The documentatiton for --exclude-dir in the GNU grep manual says
--exclude-dir=GLOB
Skip any command-line directory with a name suffix that matches
the pattern GLOB. When searching recursively, skip any
subdirectory whose base name matches GLOB. Ignore any redundant
trailing slashes in GLOB.
As you can see, the given pattern (GLOB) will be applied only to the actual filename of the directory, and since a directory name can't contain / in its name, a pattern like /proc will never match.
Therefore, you would have to use --exclude-dir=proc and --exclude-dir=sys (or --exclude-dir={proc,sys} if you are short on time), and at the same time be aware that this would skip not only /proc and /sys but also any other directory with either of those names.
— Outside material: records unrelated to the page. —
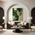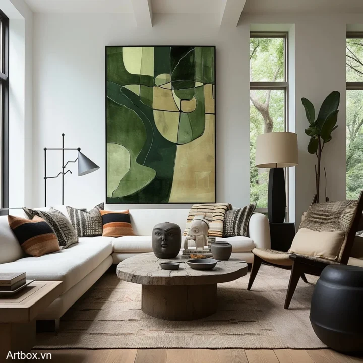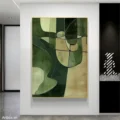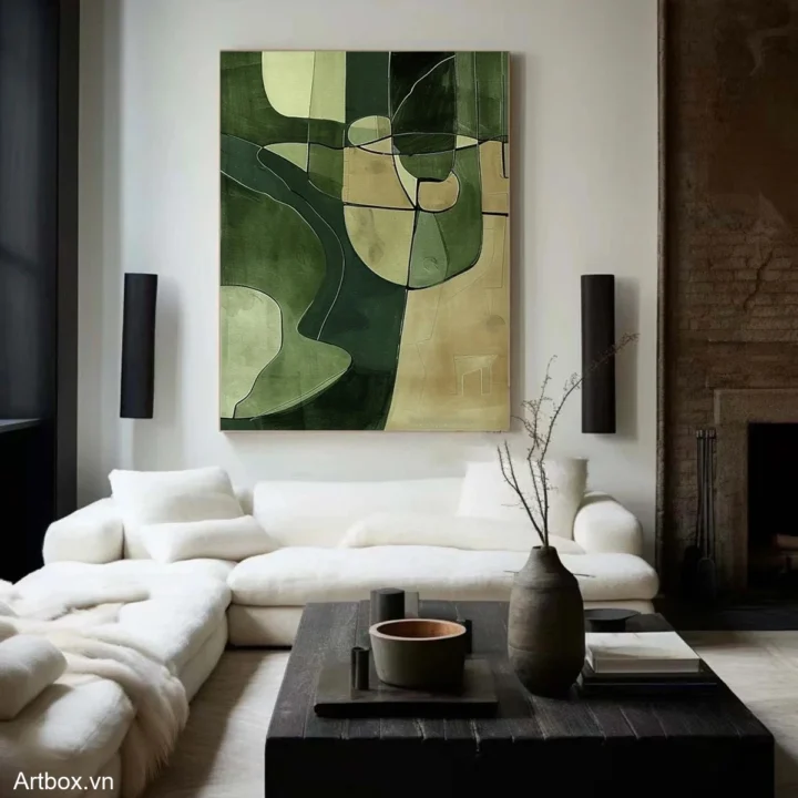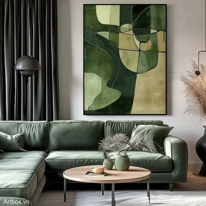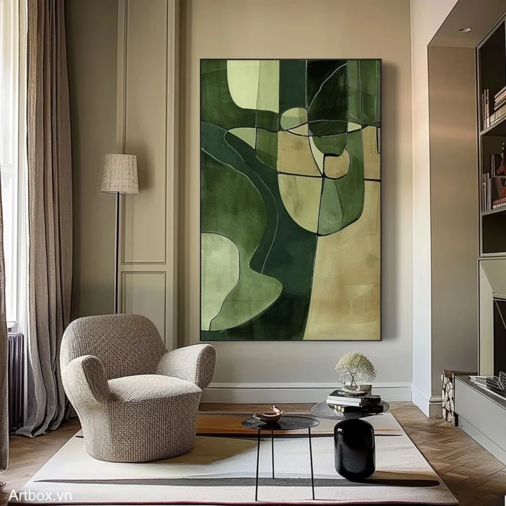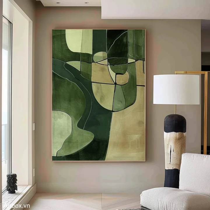 Bức tranh mang đến một cảm giác thư thái với những sắc xanh lá tươi mát, hòa quyện giữa các hình khối trừu tượng. Những đường nét mềm mại và giản dị tạo nên một không gian nhẹ nhàng, dễ chịu. Tông màu chủ đạo là xanh lá, kết hợp với những mảng màu nhạt hơn, tạo chiều sâu và sự phong phú cho bức tranh. Kỹ thuật vẽ phẳng giúp làm nổi bật sự tinh tế và hiện đại, khiến nó trở thành điểm nhấn hoàn hảo cho không gian sống hoặc làm việc. Bức tranh không chỉ là một tác phẩm nghệ thuật mà còn là một nguồn cảm hứng cho sự sáng tạo và bình yên.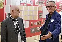 ![]() Thomas Hirschhorn at the "Robert Walser-Sculpture", Biel/Bienne, 2019 (photo: Enrique Muñoz García) | |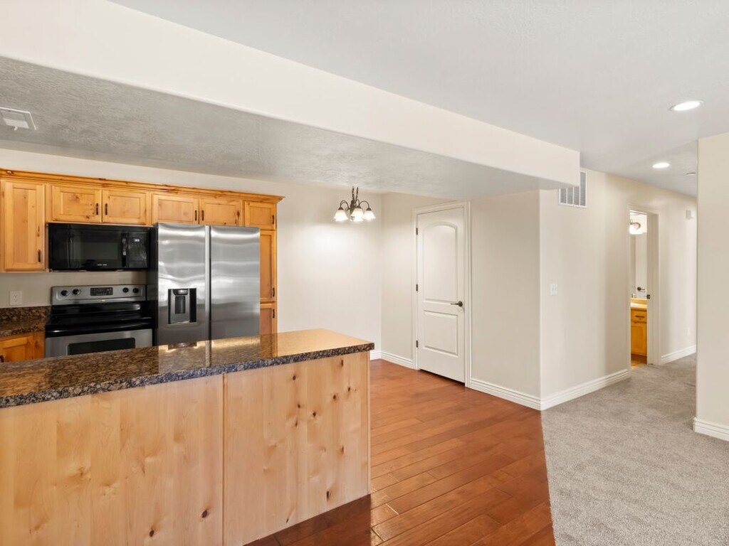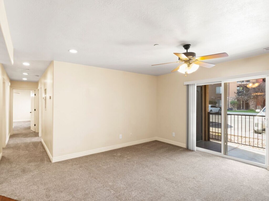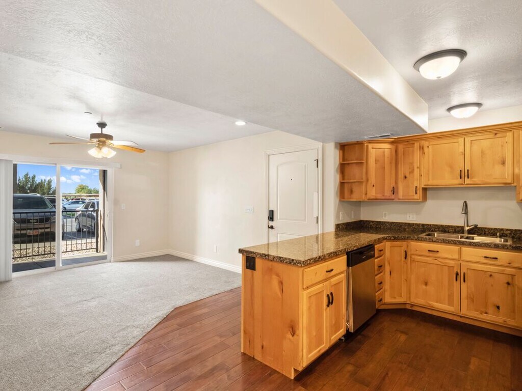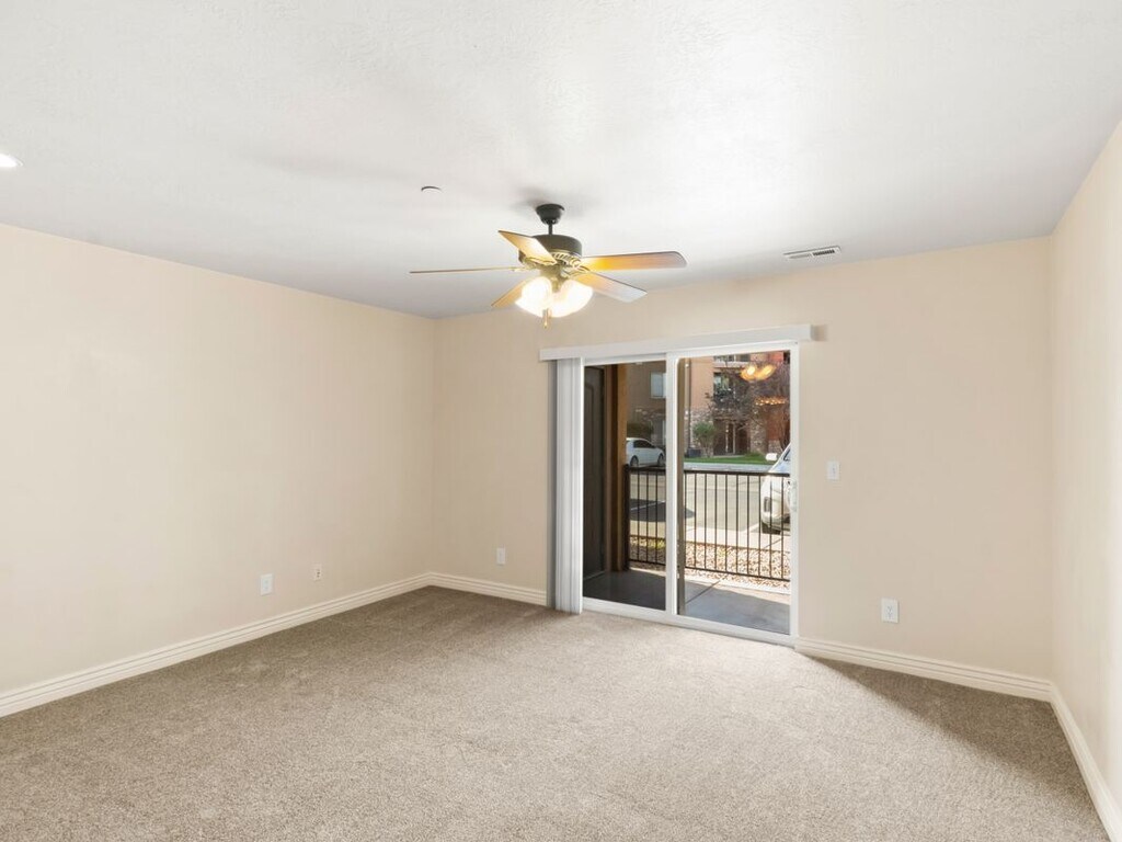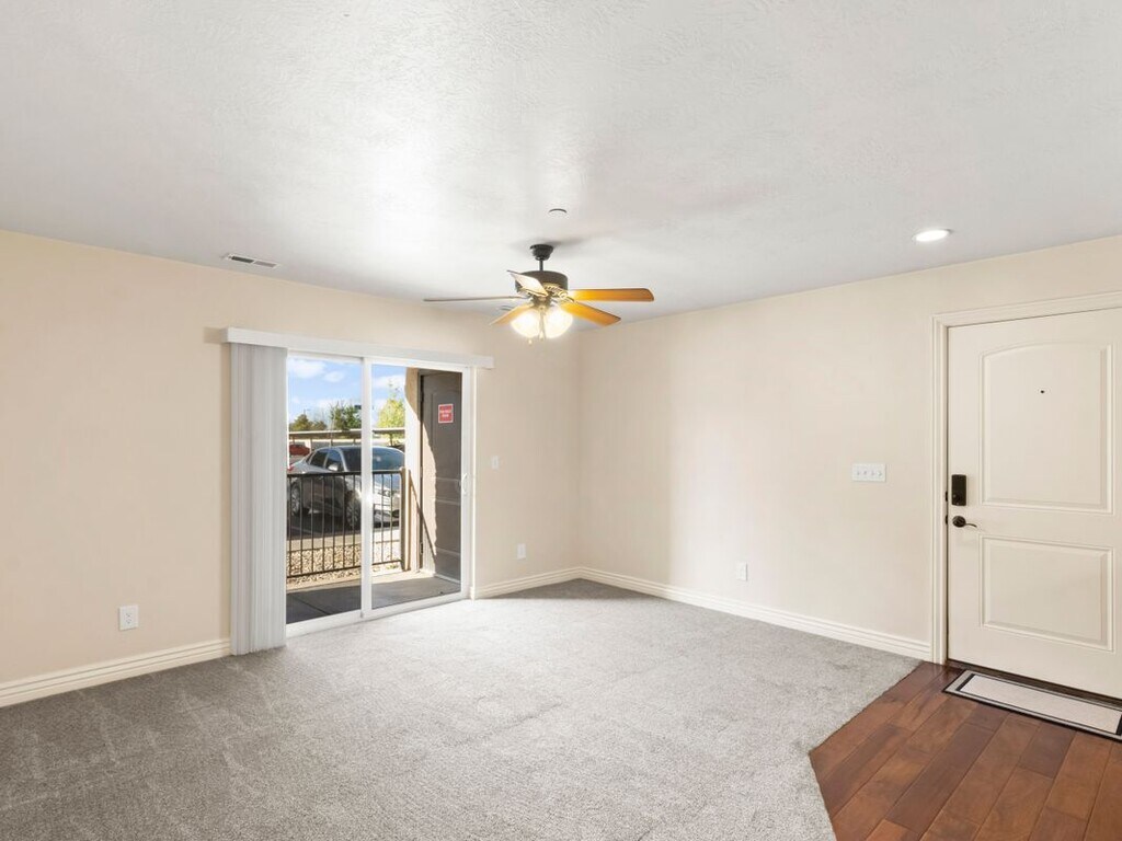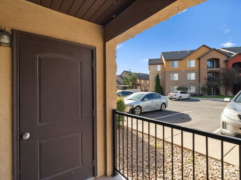 A coveted main-level condo in Pleasant Grove, featuring 3 bedrooms, 2 bathrooms, and in-unit laundry. The open floor plan includes a spacious primary suite with an ensuite bathroom offering double vanities and a walk-in closet. Upgrades include brand-new carpet, hardwood floors, granite countertops, and stainless steel appliances in the kitchen (including a new dishwasher & fridge), plus a covered patio with storage. The condo comes with two dedicated parking spaces, one covered, and the HOA includes high-speed internet, water, sewer, trash & insurance. Community amenities further elevate the home with a pool, hot tub, clubhouse, fitness center, playground, and sports court. This updated condo is ideally located less than 5 minutes from I-15 and close to shopping, restaurants, and more.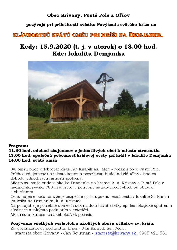 Obec Krivany, Pusté Pole a Oľšov pozývajú pri príležitosti sviatku Povýšenia svätého kríža na slávnostnú svätú omšu pri kríži na Demjanke.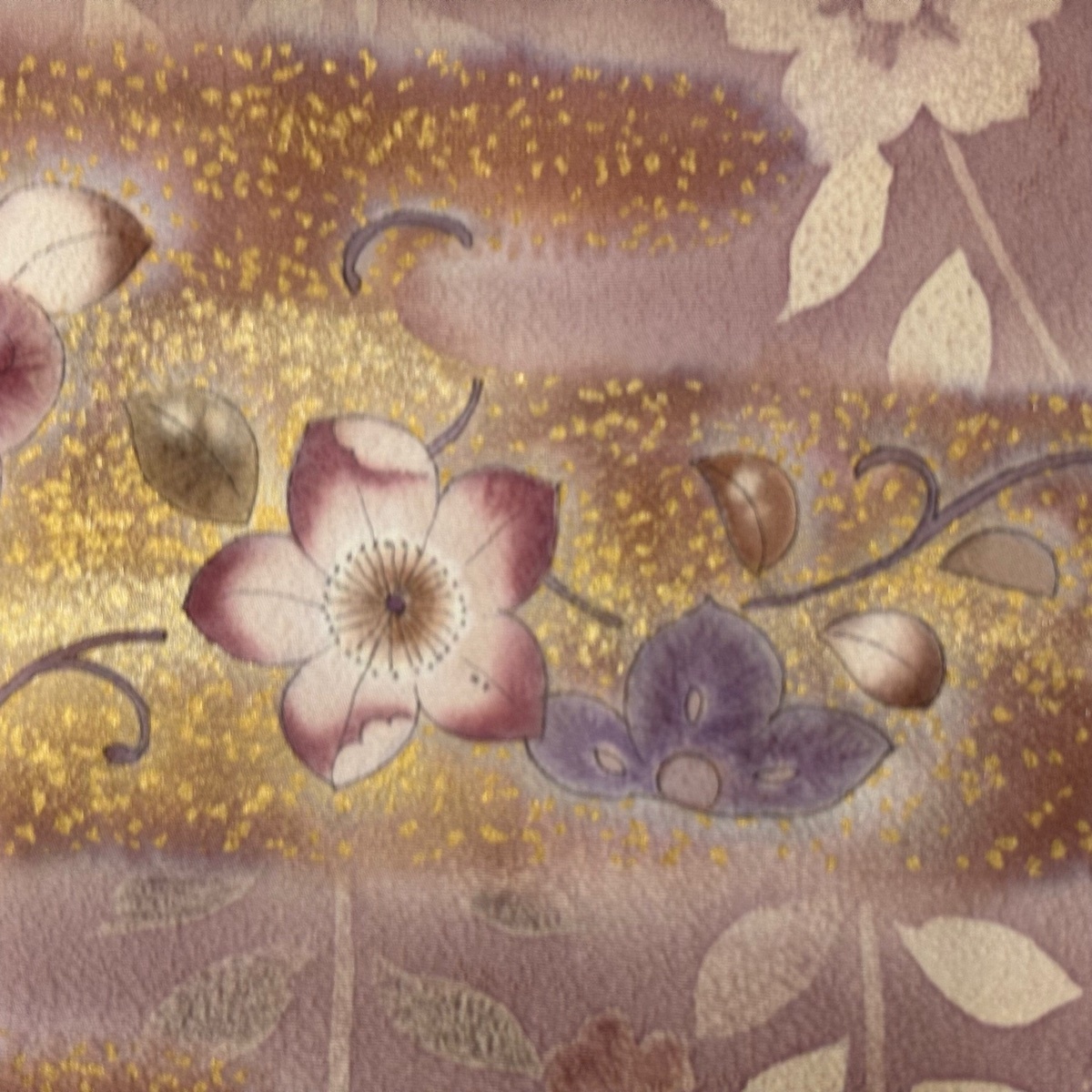 | 訪問着 秀品 草花 霞 金彩 ぼかし 灰紫 袷 身丈156 裄丈65 M 正絹 【中古】 |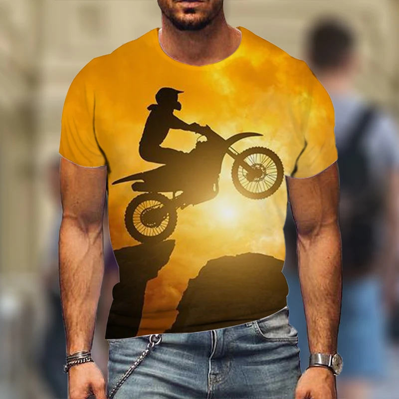 Футболка мужская мотоциклетная с 3D-принтом, Повседневная модная ру...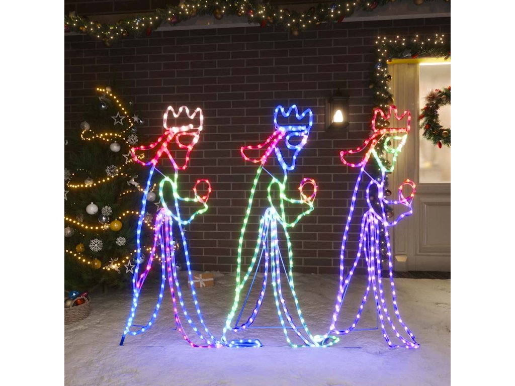 - Farebná silueta postavy: Žiarivá silueta postavy troch kráľov je navrhnutá s 504 farebnými LED svetielkami, ktoré navodia príjemnú atmosféru vašich Vianoc.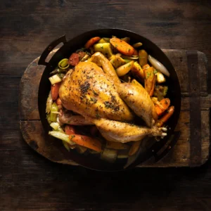 What makes this chicken truly exceptional? It’s the culmination of generations of expertise, where tradition meets terroir. The Cou-Nu birds, distinguished by their characteristic “naked necks,” are corn-fed with maize grown right on the Tauzin family farm. The result is nothing short of culinary perfection: meat that’s remarkably firm yet juicy, with a depth of flavour that surpasses even the prestigious Label Rouge standard.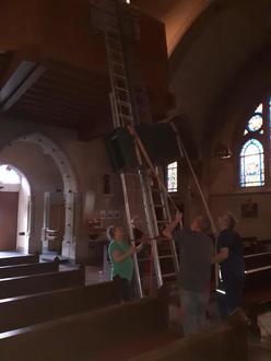 Da der bisherige Raum in der alten Schule zu räumen war, musste ein neuer Platz zur Lagerung der Noten gefunden werden. Die Wahl fiel auf den Orgelboden der Beller Pfarrkirche.Schnell waren die Schränke für den Transport zur Kirche verladen. Dort folgte dann der abenteuerliche Teil: Unter fachkundiger Anleitung des Chorleiters Claus Heuft „schwebten“ die Notenschränke gut gesichert aus dem Mittelschiff der Kirche gen Orgelboden, wo sie von tatkräftigen Männern sicher in Empfang genommen und an Ort und Stelle wieder aufgebaut wurden.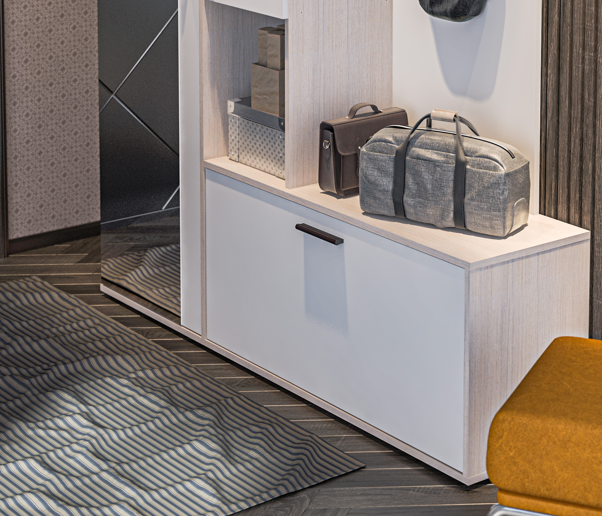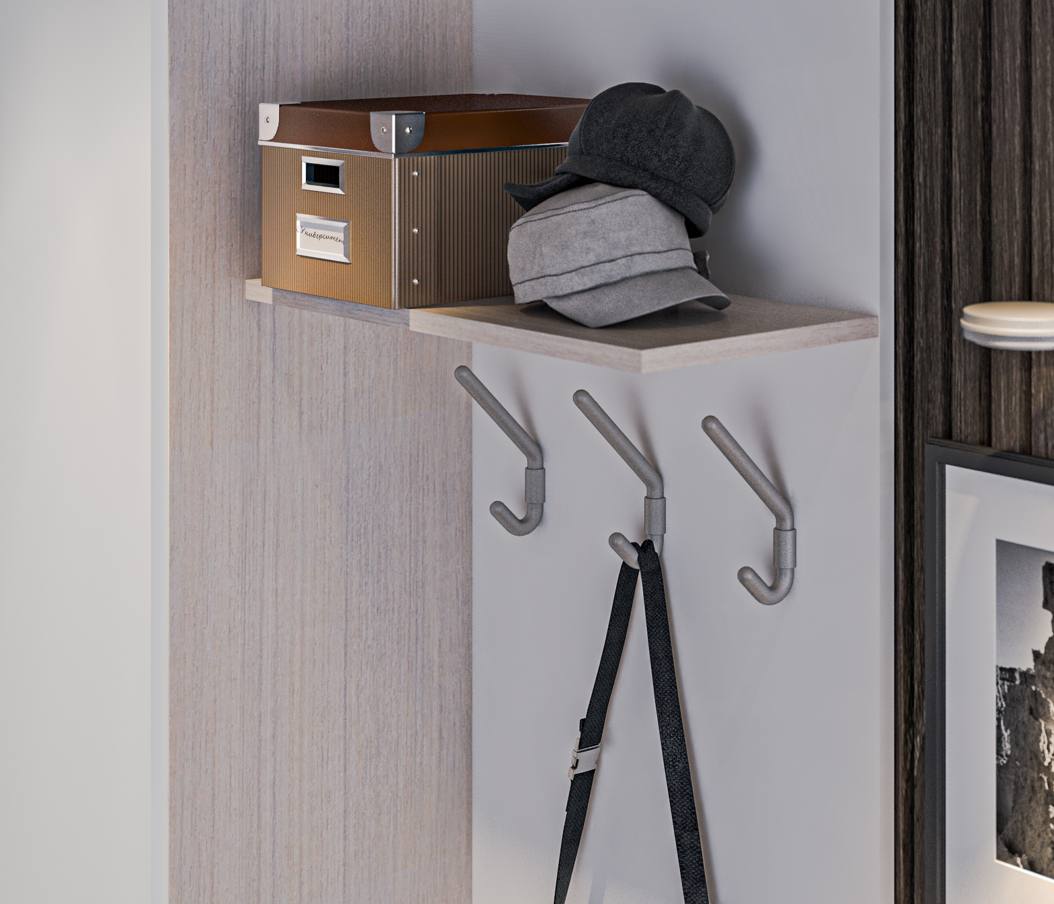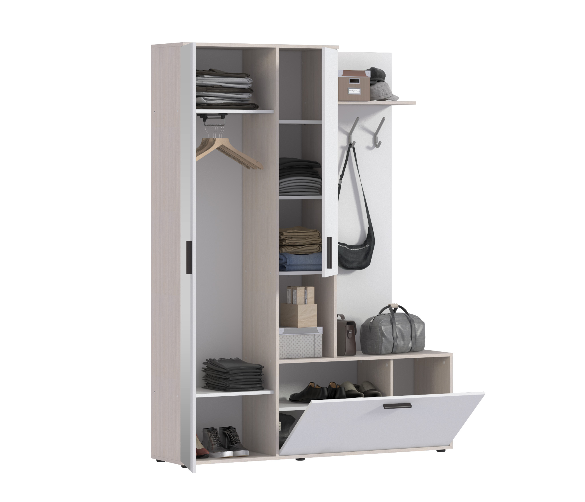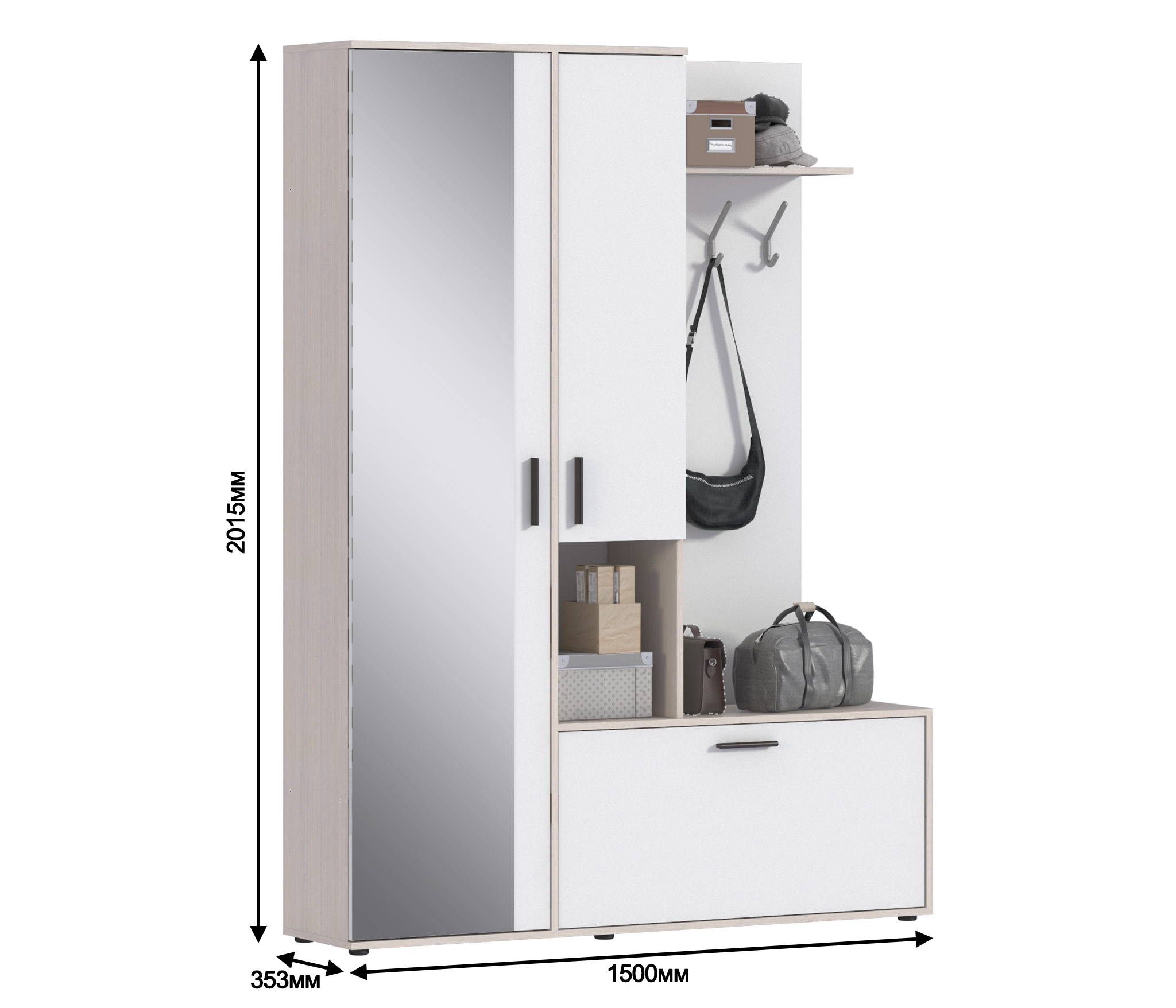 Внутри располагается выдвижная штанга для одежды и две полки (сверху и снизу).

Another way of recursively searching a complete directory tree from the root down while avoiding these two directories is by using grep from find:
find / \( -type d \( -path /proc -o -path /sys \) -prune \) -o \
-type f -exec grep 'PATTERN' {} +
This would detect the two specific directories /proc and /sys and stop find from descending into them. It would also feed any found regular file to grep in as large batches as possible at a time.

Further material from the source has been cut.